Print the listing below only from the line that has "This vintage Adidas" through the line that has "Here is a game", exactly, and drop any picture.
_ _ _ _
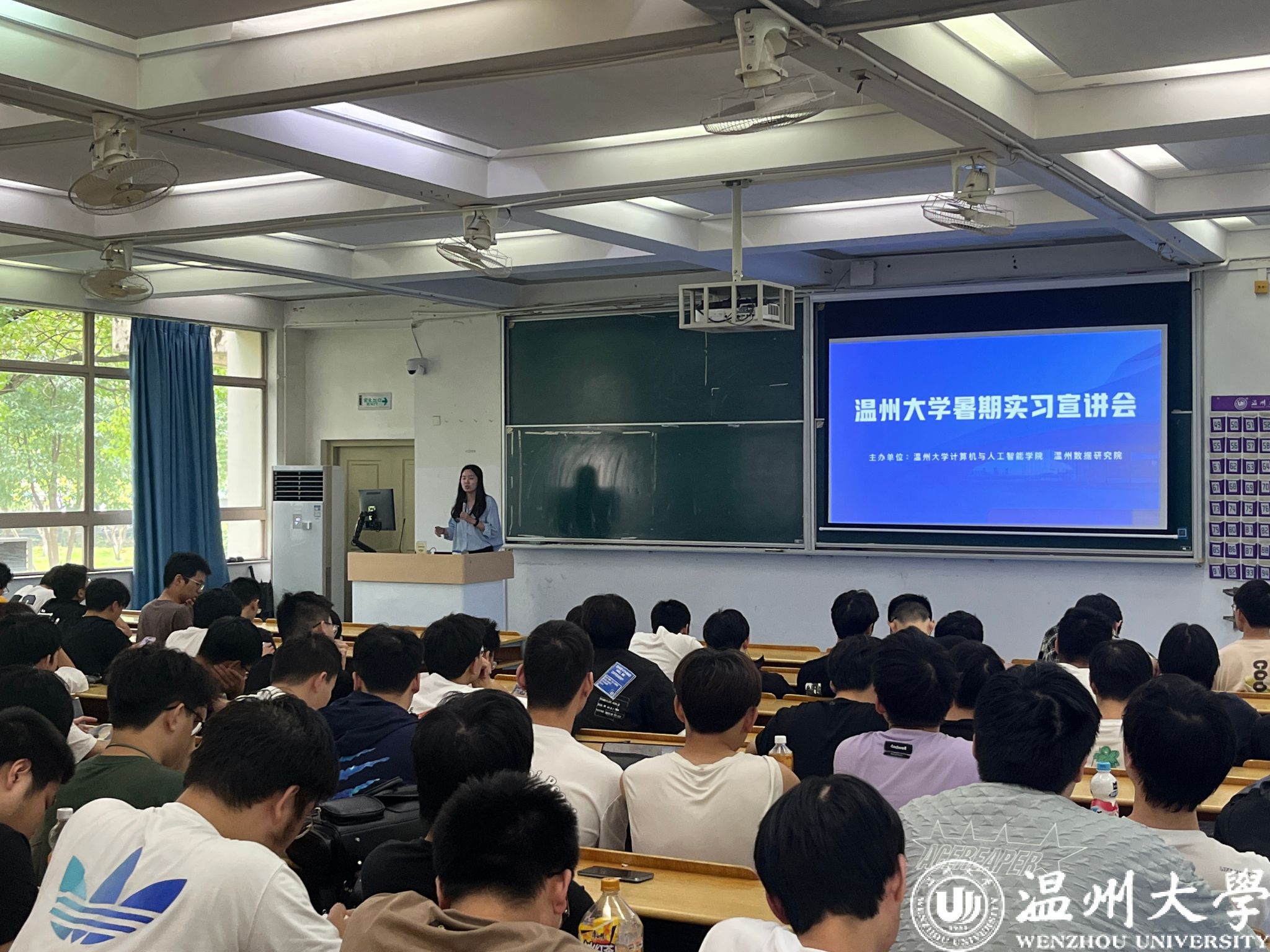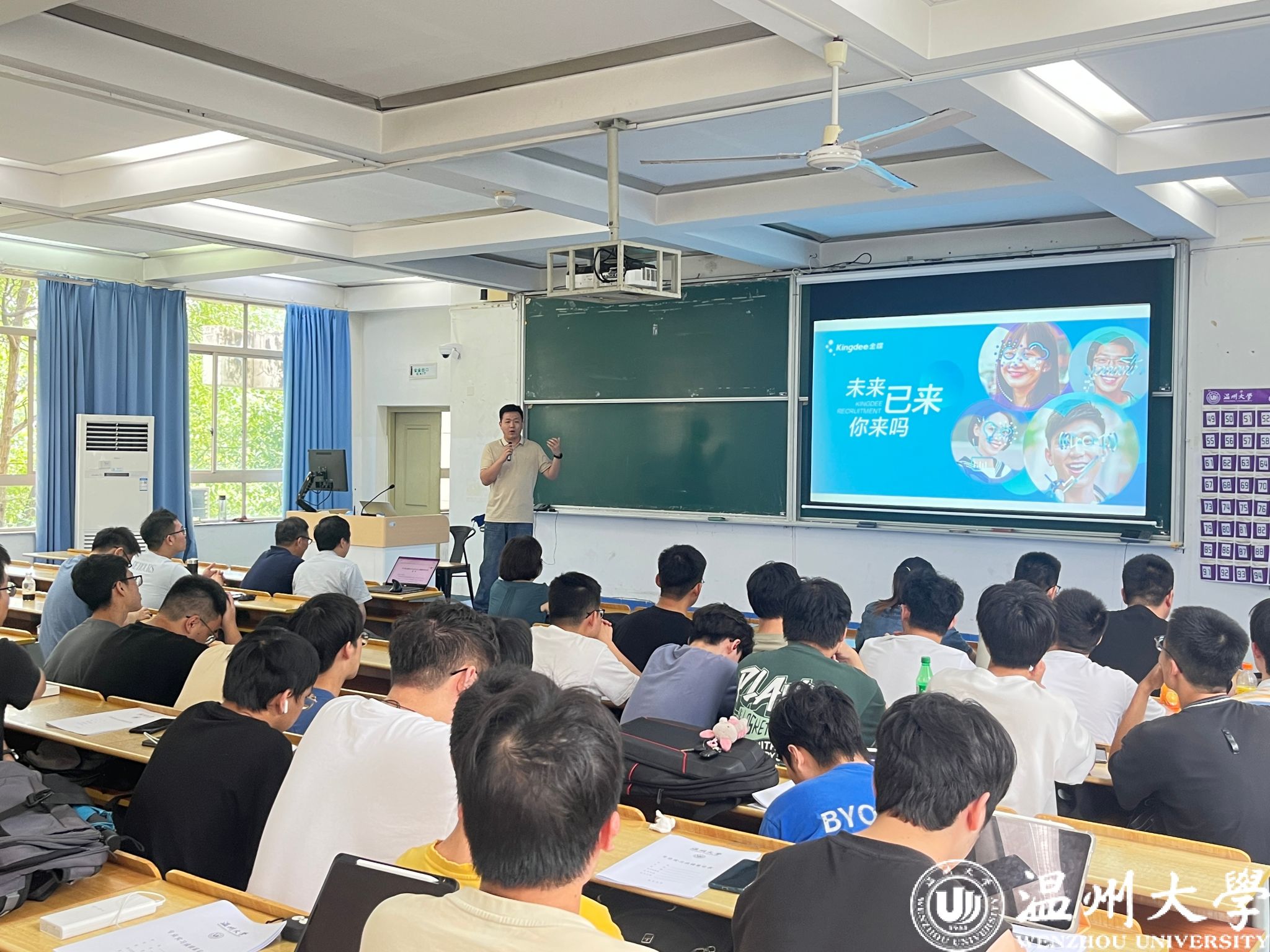 期间,学院还特别邀请了金蝶软件有限公司(温州分公司)企业实习宣讲负责人金均壅、温州数据研究院办公室主任姚情秘于6月18日下午分别参加了计算机系与人工智能系的专业实习宣讲会。会上,金均壅先生介绍了公司的发展历程、核心业务、岗位类别、工作内容和任职要求,详细解读了企业关于学生到岗实习的人才培养方案,欢迎日本色情 优秀学子前来实习,并与学生、教师互动交流;姚情秘女士代表数安港合作企业浙江信宇科技集团有限公司、温州佳品网络科技有限公司、温州助成科技有限公司等向毕业生们抛出橄榄枝,提供多个实习岗位,诚邀日本色情 学生参加实习。
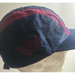 This vintage Adidas hat features a classic black design with the iconic three stripe logo in white. Made from cotton, this adjustable baseball cap is suitable for men and has a timeless style that is perfect for casual wear. The one size fits all design makes it a versatile accessory that can easily elevate any outfit with its retro charm and sporty appeal.
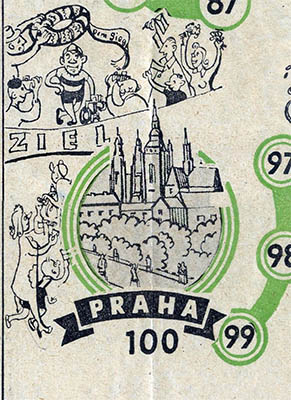 Here is a game issued for the 1954 Peace Race. It was probably issued with a newspaper or kids' magazine but, unlike this other quite similar game, there isn't any reference to the original magazine. Of course both games are chromatically similar, and at first I thought it was probably included in the Kinder-Wochenpost too. However, after having both games side by side, I am not so sure. They look less alike than in the pictures. The size is not the same and the green ink is of a different shade (or maybe it has just aged differently). Any further information will be welcome.
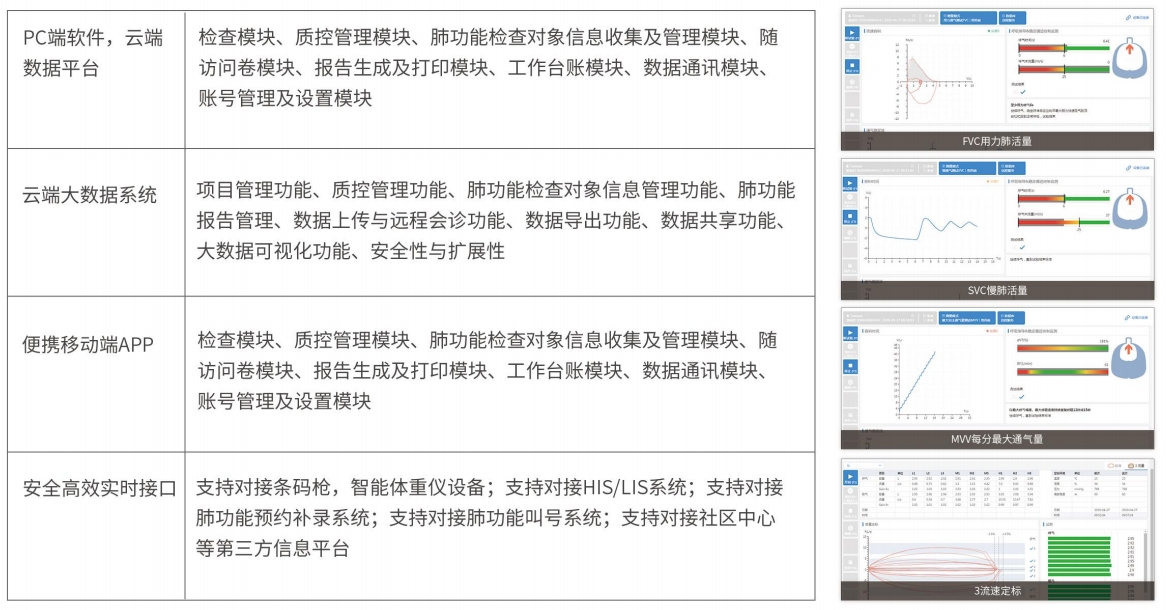 完全滿足"國(guó)家基層呼吸疾病早期篩查干預(yù)能力"項(xiàng)目的軟件、系統(tǒng)及云端平臺(tái)要求;擁有多中心、分布式、動(dòng)態(tài)擴(kuò)展平臺(tái)架構(gòu),可支持擴(kuò)展為省、市、縣、醫(yī)院的多中心聯(lián)合檢查及分級(jí)診療平臺(tái);可接入其它設(shè)備數(shù)據(jù):如德國(guó)耶格大肺數(shù)據(jù)、呼出氣一氧化氮(FENO)數(shù)據(jù)、血?dú)夥治鰞x數(shù)據(jù)等;可與醫(yī)聯(lián)體、第三方信息平臺(tái)數(shù)據(jù)對(duì)接。
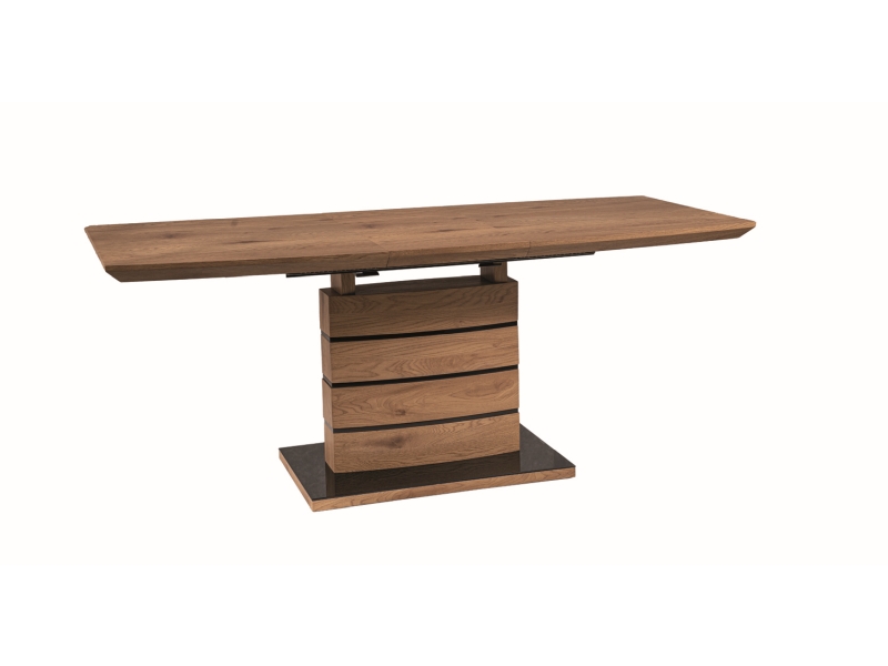 Rozkládací jídelní stůl Leonardo je vyroben v moderním a elegantním designu. Imitace dubu vnese do interiéru útulnou atmosféru a pocit pohodlí. Je vyroben v kombinaci MDF materiálu a skla použitého na noze stolu. Praktická funkce rozkladu nabízí dostatek prostoru i pro více strávníků.
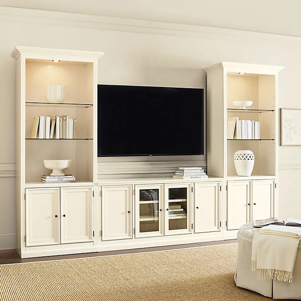 Our Tuscan home office furniture blends modern versatility with the classic looks of a custom built-in. Each piece in the collection works with every other, so you can design a workstation or storage solution to fit your space and needs perfectly. Create an integrated home entertainment center with the Tuscan 3-Piece Large Media Group. The Console's center cabinet has beveled glass door fronts, so remotes work even when doors are closed. Outside cabinets have solid doors for hidden storage. Bookcases feature two adjustable glass shelves each with recessed lights above. Light adjusts to three levels with a simple touch. Each cabinet has one adjustable shelf. Cord management throughout makes component hook-up neat and easy. Tuscan 3-Piece Large Media Group features:
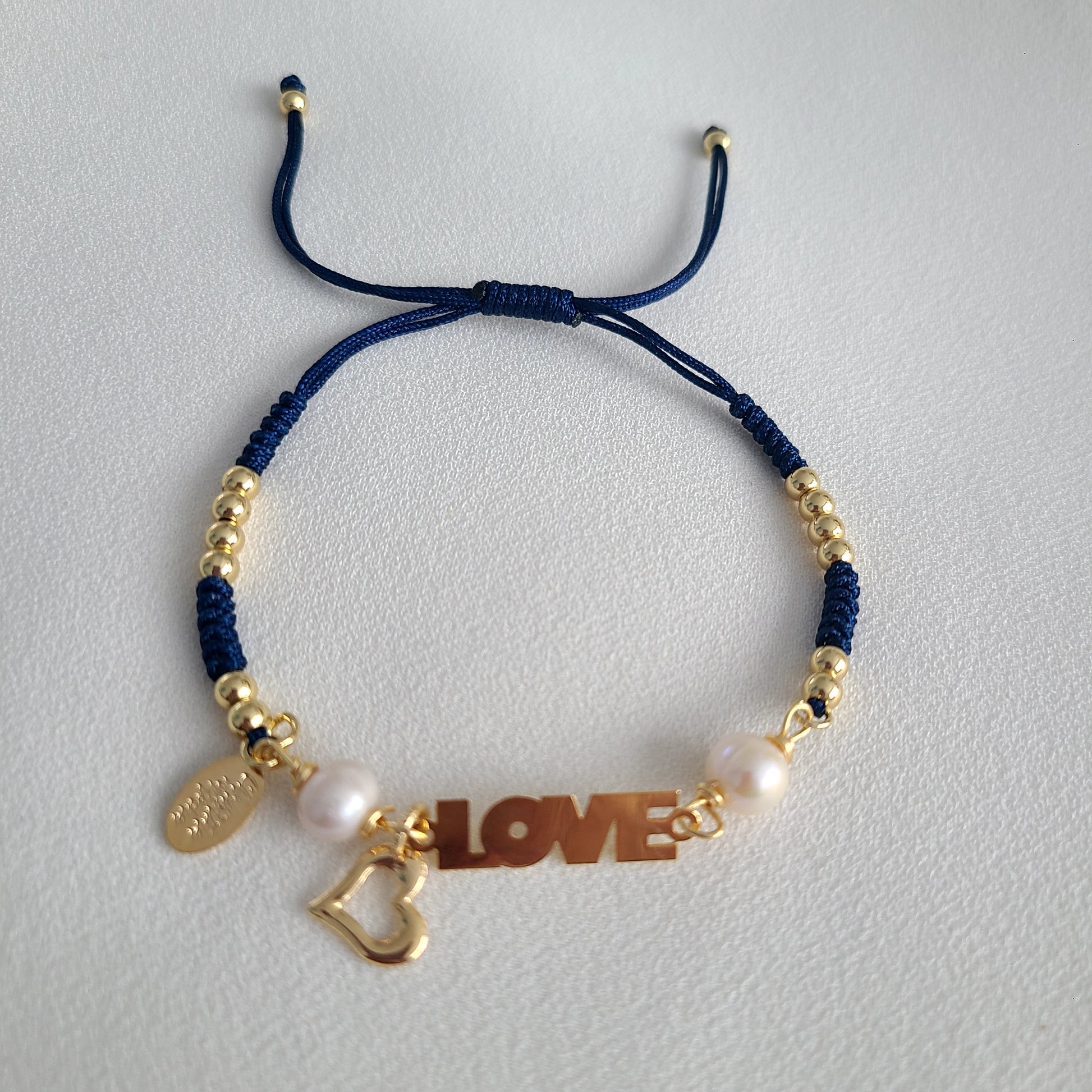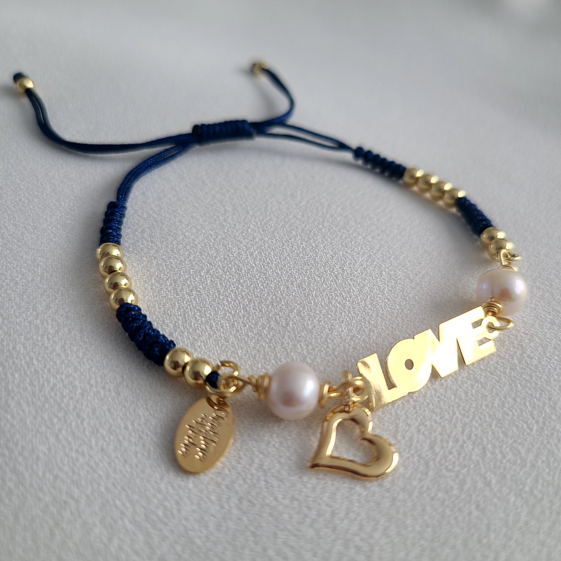 An adjustable, one-of-a-kind bracelet handcrafted with freshwater pearls, a delicate "Love" charm, a tiny star, and 14K gold-filled beads. A sweet and meaningful piece that adds softness, sparkle, and intention to any look.
_ _ _ _
[Result]:
 This vintage Adidas hat features a classic black design with the iconic three stripe logo in white. Made from cotton, this adjustable baseball cap is suitable for men and has a timeless style that is perfect for casual wear. The one size fits all design makes it a versatile accessory that can easily elevate any outfit with its retro charm and sporty appeal.
 Here is a game issued for the 1954 Peace Race. It was probably issued with a newspaper or kids' magazine but, unlike this other quite similar game, there isn't any reference to the original magazine. Of course both games are chromatically similar, and at first I thought it was probably included in the Kinder-Wochenpost too. However, after having both games side by side, I am not so sure. They look less alike than in the pictures. The size is not the same and the green ink is of a different shade (or maybe it has just aged differently). Any further information will be welcome.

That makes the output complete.